The new methodology includes, among other things:
- Calculation of pollutant loads for 15 different stormwater contaminants, based on land use and standardised values
- A library of nature-based stormwater solutions (NBS) and their treatment performance for different pollutants
- Identification of areas suitable for the implementation of NBS
- Identification of which impervious surfaces can be connected to a nearby NBS
- Calculation of the combined treatment effect when many NBS are placed in different locations across a city
- Adaptation of the methodology to handle both small, local NBS and larger, centralised solutions that treat water from wider catchments
These steps can be run in several loops to gradually evaluate progress towards a set target and iteratively adjust the proposals. The next major step is to link the stormwater quality module with Opti-SITE’s optimisation module, enabling many different alternatives to be tested and compared in order to find optimal solutions for stormwater management from a water quality perspective.

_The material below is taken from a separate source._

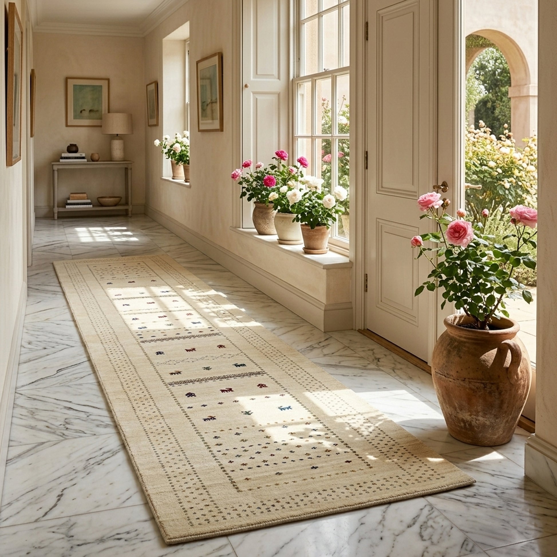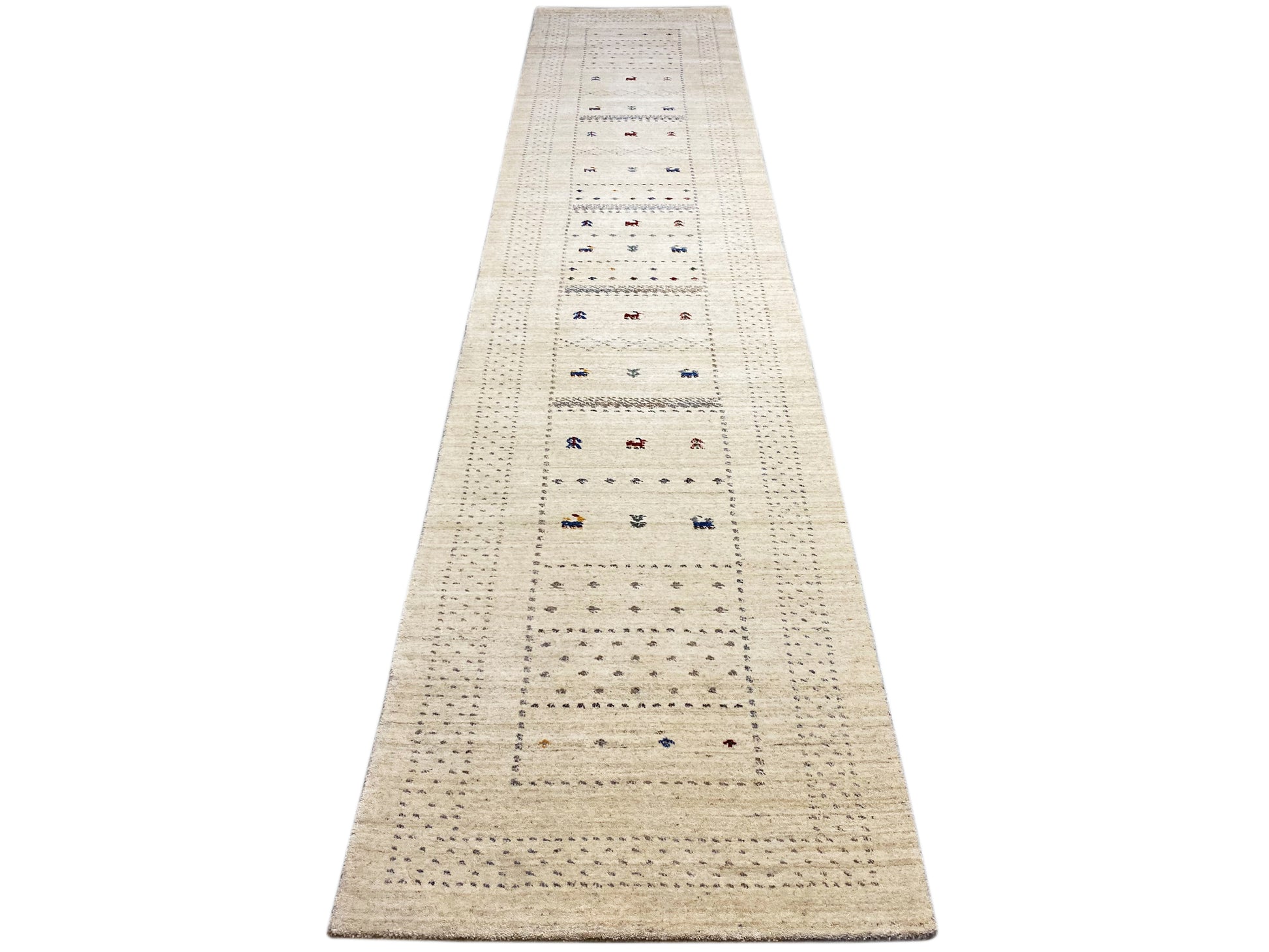 Dieser handgewebte Loom Luri Teppich aus hochwertiger Wolle vereint traditionelle Handwerkskunst mit zeitloser Eleganz. Die sanfte Cremefarbe passt perfekt zu modernen, skandinavischen und klassischen Einrichtungsstilen und sorgt für eine helle, freundliche Atmosphäre. Das feine, geometrisch-traditionelle Muster mit dezenten ethnischen Motiven verleiht dem Läufer eine authentische und stilvolle Optik. Mit seiner großzügigen Größe von 400x82 cm ist er ideal für lange Flure oder Korridore und bietet gleichzeitig Komfort, Wärme und Langlebigkeit für den täglichen Gebrauch.

Progress and Further Questions
Experts from DHI specialising in GIS, stormwater quality, and nature-based solutions have been working on the development during autumn 2025 and winter 2026. The work has raised several unexpected and intriguing detailed questions that need to be resolved to allow the process to be automated rather than handled manually. Examples include:
- How far from an NBS can an area be located while still remaining practically feasible to connect?

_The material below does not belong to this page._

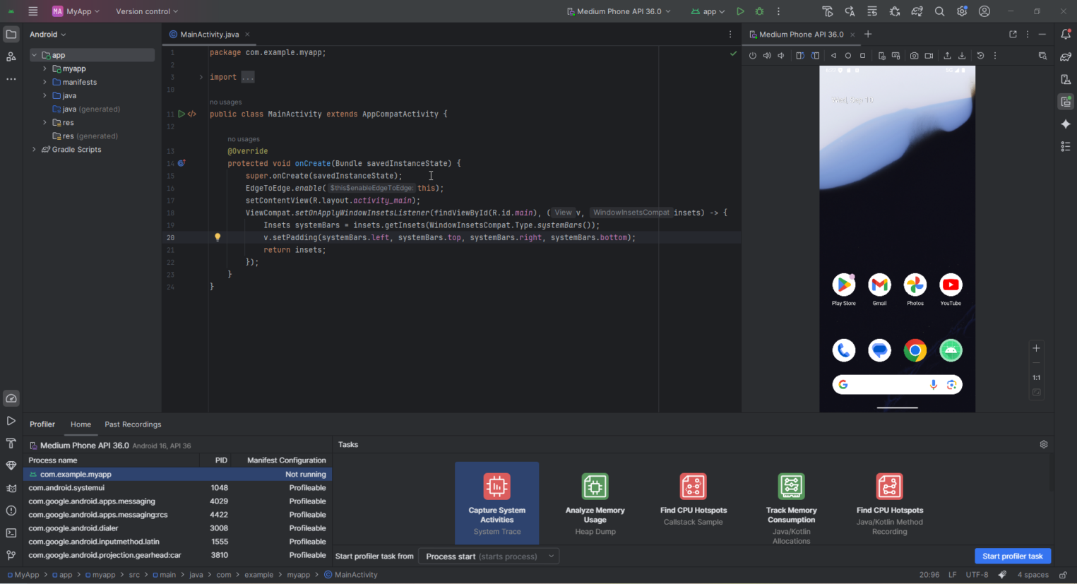 1. Верхнее меню: View → Tool Windows → Profiler. Выбирали запущенное виртуальное устройство и процесс приложения com.example.myapp.

- What level difference is acceptable between the area being connected and the NBS?
- How do we design a database capable of storing and processing large amounts of data without becoming unreasonably large or difficult to work with?
The purpose of Opti-SITE’s optimisation module is to create overarching solutions for entire cities, based on many small-scale measures. This means that not every detail needs to be exact everywhere, but at the same time, the proposed solutions must be realistic and practically feasible.
We are now looking forward to the next phase: linking the stormwater quality module with the optimisation module and exploring what this means in practice. We expect new questions and challenges to arise along the way – and we are ready to tackle them together with LTH.